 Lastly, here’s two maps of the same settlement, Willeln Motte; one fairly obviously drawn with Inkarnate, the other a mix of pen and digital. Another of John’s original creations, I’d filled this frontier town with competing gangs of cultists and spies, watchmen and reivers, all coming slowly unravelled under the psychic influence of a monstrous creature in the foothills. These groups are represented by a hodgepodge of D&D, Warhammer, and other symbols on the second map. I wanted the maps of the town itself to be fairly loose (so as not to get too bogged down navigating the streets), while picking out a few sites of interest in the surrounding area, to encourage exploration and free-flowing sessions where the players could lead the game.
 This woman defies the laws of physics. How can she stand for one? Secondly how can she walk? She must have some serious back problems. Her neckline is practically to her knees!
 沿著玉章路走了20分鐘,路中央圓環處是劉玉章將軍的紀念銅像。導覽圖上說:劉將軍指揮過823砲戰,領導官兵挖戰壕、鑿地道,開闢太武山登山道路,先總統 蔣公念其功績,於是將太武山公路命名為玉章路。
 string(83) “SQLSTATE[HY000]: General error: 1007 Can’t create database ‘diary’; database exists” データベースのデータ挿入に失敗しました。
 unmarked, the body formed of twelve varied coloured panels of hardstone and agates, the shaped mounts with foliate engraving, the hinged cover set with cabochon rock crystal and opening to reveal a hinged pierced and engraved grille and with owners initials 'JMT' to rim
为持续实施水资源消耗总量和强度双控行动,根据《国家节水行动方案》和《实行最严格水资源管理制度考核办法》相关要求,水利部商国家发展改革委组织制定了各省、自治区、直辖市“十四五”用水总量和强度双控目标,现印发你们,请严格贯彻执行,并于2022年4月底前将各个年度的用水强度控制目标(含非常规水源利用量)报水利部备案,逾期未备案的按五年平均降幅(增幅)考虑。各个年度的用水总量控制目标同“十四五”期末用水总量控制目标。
++++++++
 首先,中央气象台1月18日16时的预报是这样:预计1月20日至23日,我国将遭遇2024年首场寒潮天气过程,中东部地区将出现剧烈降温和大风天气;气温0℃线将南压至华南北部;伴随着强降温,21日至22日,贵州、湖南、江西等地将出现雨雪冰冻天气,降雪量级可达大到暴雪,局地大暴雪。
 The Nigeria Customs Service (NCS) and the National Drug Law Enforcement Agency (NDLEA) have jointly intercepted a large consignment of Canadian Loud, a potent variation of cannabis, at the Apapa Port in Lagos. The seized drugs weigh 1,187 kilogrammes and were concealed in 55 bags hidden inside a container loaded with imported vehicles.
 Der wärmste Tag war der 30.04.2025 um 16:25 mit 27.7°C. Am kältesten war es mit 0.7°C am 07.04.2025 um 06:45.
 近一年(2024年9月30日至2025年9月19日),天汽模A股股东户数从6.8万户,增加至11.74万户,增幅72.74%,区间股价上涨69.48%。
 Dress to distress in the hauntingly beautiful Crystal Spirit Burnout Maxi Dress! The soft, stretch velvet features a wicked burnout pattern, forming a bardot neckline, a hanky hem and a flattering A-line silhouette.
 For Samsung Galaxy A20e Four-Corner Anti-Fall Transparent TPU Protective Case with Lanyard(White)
++++++++
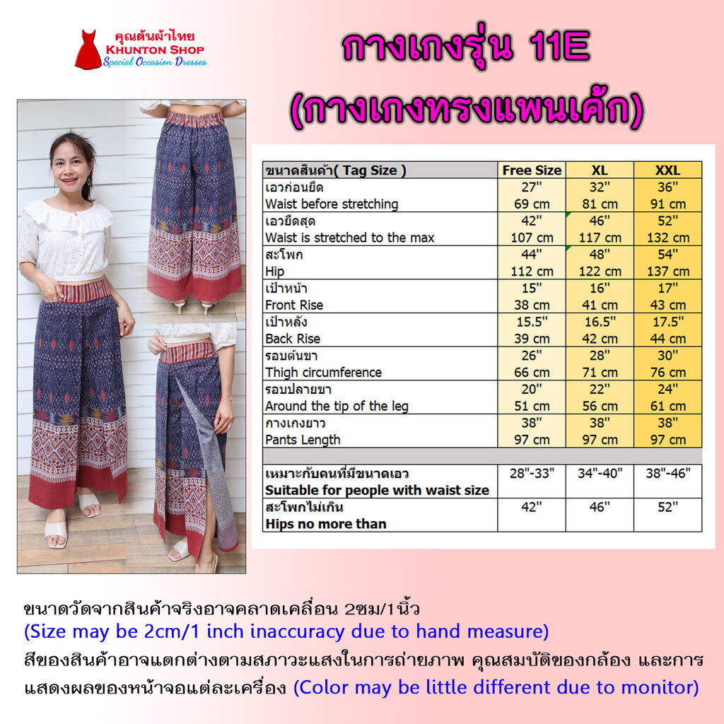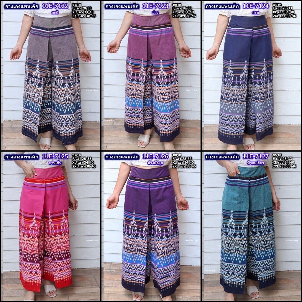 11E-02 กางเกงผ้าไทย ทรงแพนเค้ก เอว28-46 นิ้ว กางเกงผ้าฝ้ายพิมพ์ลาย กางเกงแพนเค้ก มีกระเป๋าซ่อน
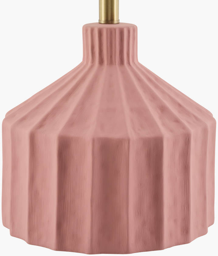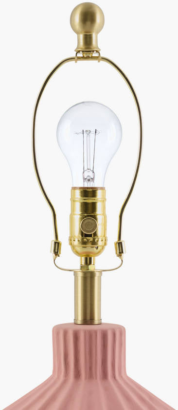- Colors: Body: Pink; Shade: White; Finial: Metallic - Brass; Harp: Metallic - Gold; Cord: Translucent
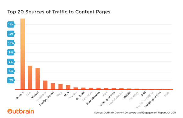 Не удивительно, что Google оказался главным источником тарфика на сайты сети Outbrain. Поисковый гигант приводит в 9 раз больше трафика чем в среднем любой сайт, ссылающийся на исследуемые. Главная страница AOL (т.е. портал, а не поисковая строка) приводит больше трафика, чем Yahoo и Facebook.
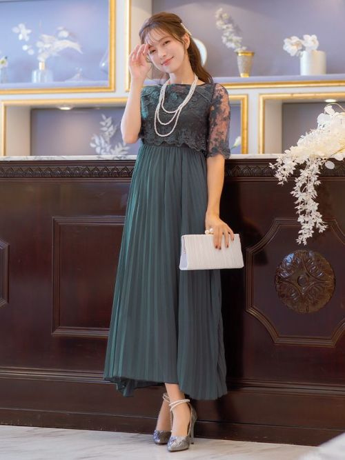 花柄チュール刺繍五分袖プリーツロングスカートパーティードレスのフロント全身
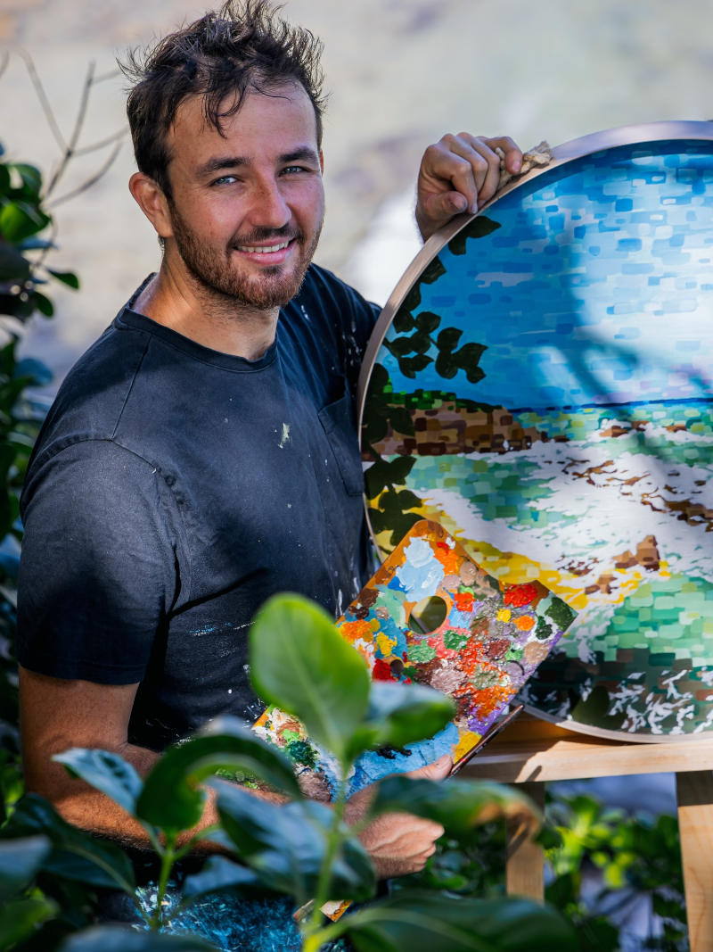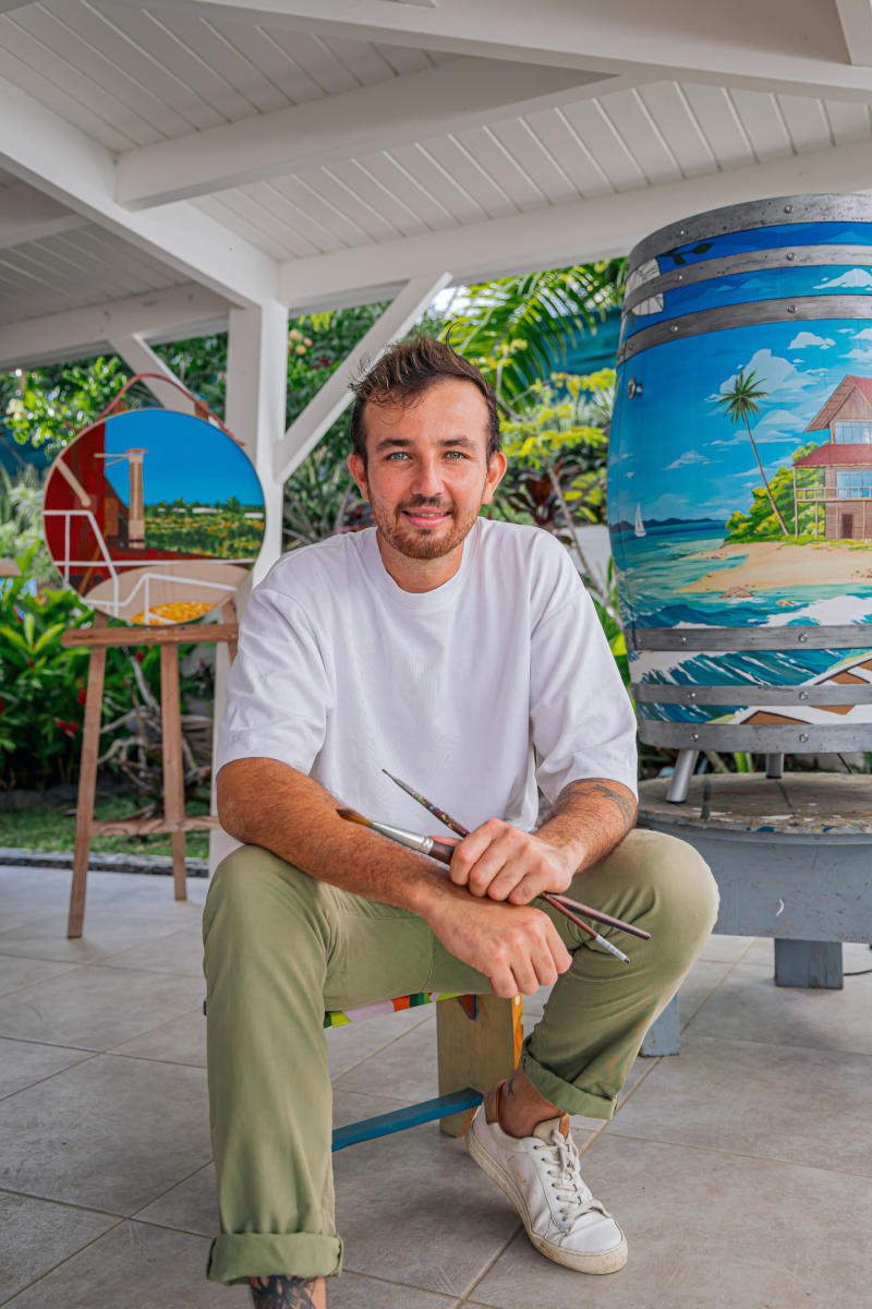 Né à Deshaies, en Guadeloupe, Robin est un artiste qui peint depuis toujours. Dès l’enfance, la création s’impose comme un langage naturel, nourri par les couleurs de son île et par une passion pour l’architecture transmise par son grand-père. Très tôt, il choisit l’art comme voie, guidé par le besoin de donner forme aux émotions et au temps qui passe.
++++++++
Scan the entries above for the line containing "This woman defies", and copy it and all lines after it exactly, down to and including the line containing "General error: 1007".

 This woman defies the laws of physics. How can she stand for one? Secondly how can she walk? She must have some serious back problems. Her neckline is practically to her knees!
 沿著玉章路走了20分鐘,路中央圓環處是劉玉章將軍的紀念銅像。導覽圖上說:劉將軍指揮過823砲戰,領導官兵挖戰壕、鑿地道,開闢太武山登山道路,先總統 蔣公念其功績,於是將太武山公路命名為玉章路。
 string(83) “SQLSTATE[HY000]: General error: 1007 Can’t create database ‘diary’; database exists” データベースのデータ挿入に失敗しました。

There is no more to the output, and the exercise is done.